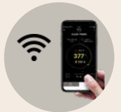
Mobile monitoring with the MyNabertherm app
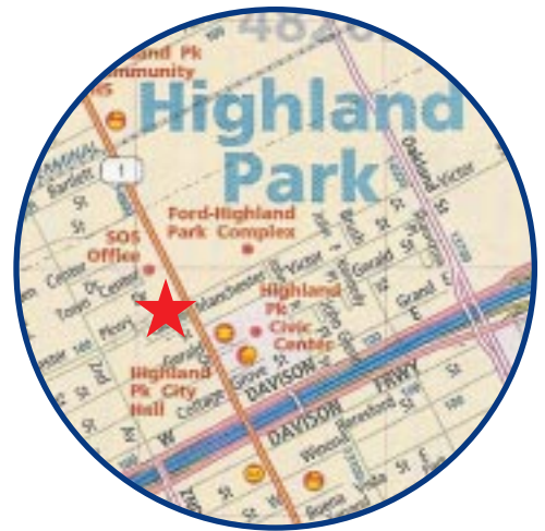
Highland Park, Michigan

Located at the northwest corner of Woodward Ave. & Manchester.
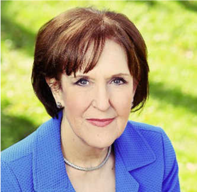
Karen Tumulty

Presently we are witnessing a new administration working to shift the nation from right to left, from starboard to port in marine terms. But will the ship heave, or will the hull crack? President Biden has proclaimed and often repeated that he is hoping and calling for a time for unity, not just to fight an out-of-control virus but also to address racial differences and tense sociological disarray.
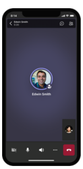
Call moved to Teams
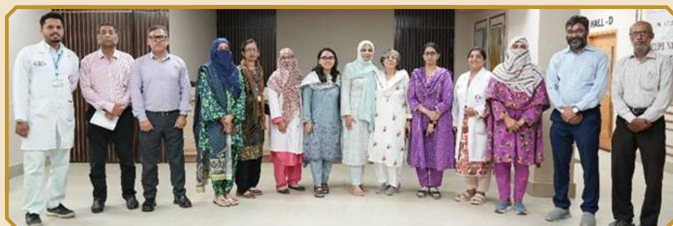
Group photo of participants

The workshop concluded with positive feedback, as participants acknowledged the relevance of AI-driven solutions and the utility of e-portfolios as a structured tool for documenting teaching excellence and professional growth.
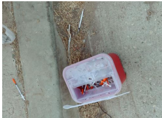
Exhibit D. RV's with BBQs, gasoline, spilling oil and chemicals, blocking the bike lane, syringes, and overflowing trash and litter covering the trail.

Off leash pets create significant issues for people and wildlife. Off leash dogs are a hazard for both visitors and wildlife; dogs run into oncoming traffic and scare marsh visitors by charging and barking. Dogs pose environmental concerns as well, as they are regularly found off leash along Jefferson and past the fence, scaring-off wildlife and running through the water and on the maintenance road. Dog and cat feces are not picked up by pet owners. A house cat along the trail may seem like a small quibble, but cats are a leading cause of death of wild birds, killing billions of birds each year. To introduce them into wild spaces that may be partially protected by roads from some urban predators is a disservice to the wildlife.
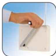
Cord Winder (Up To 20Kg)
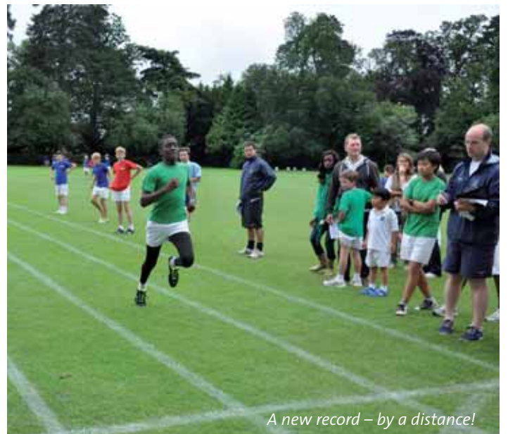
A new record – by a distance!

The best performances came from the senior group, with a very good 1,500m runner, an athlete who threw the shot and discus as most mortals throw marbles, another who starred as a hurdler (reaching the finals of the National Championships) and who was also a very good triple jumper. To go with these class performers, special mention must be reserved for the captain, who, during the season, posted two sub-25 second 200m races (a simply astonishing feat) and broke a twelve year long jump record, going close to six metres.
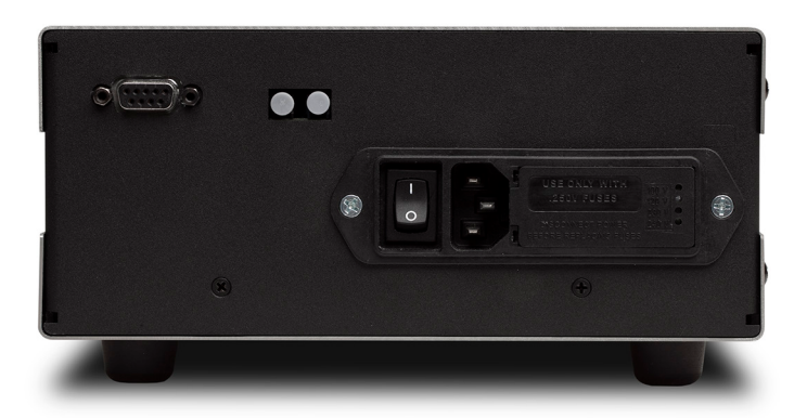
CS580 rear panel
━━━━━━━━━━━━━━━━━━━━
## Your objective
The exact lines from the beginning of the data through the one that contains "A new record – by a distance!" must be given again, both ends included, and pictures must be left out.

## Output below
Mobile monitoring with the MyNabertherm app
Highland Park, Michigan

Located at the northwest corner of Woodward Ave. & Manchester.
Karen Tumulty

Presently we are witnessing a new administration working to shift the nation from right to left, from starboard to port in marine terms. But will the ship heave, or will the hull crack? President Biden has proclaimed and often repeated that he is hoping and calling for a time for unity, not just to fight an out-of-control virus but also to address racial differences and tense sociological disarray.
Call moved to Teams
Group photo of participants

The workshop concluded with positive feedback, as participants acknowledged the relevance of AI-driven solutions and the utility of e-portfolios as a structured tool for documenting teaching excellence and professional growth.
Exhibit D. RV's with BBQs, gasoline, spilling oil and chemicals, blocking the bike lane, syringes, and overflowing trash and litter covering the trail.

Off leash pets create significant issues for people and wildlife. Off leash dogs are a hazard for both visitors and wildlife; dogs run into oncoming traffic and scare marsh visitors by charging and barking. Dogs pose environmental concerns as well, as they are regularly found off leash along Jefferson and past the fence, scaring-off wildlife and running through the water and on the maintenance road. Dog and cat feces are not picked up by pet owners. A house cat along the trail may seem like a small quibble, but cats are a leading cause of death of wild birds, killing billions of birds each year. To introduce them into wild spaces that may be partially protected by roads from some urban predators is a disservice to the wildlife.
Cord Winder (Up To 20Kg)
A new record – by a distance!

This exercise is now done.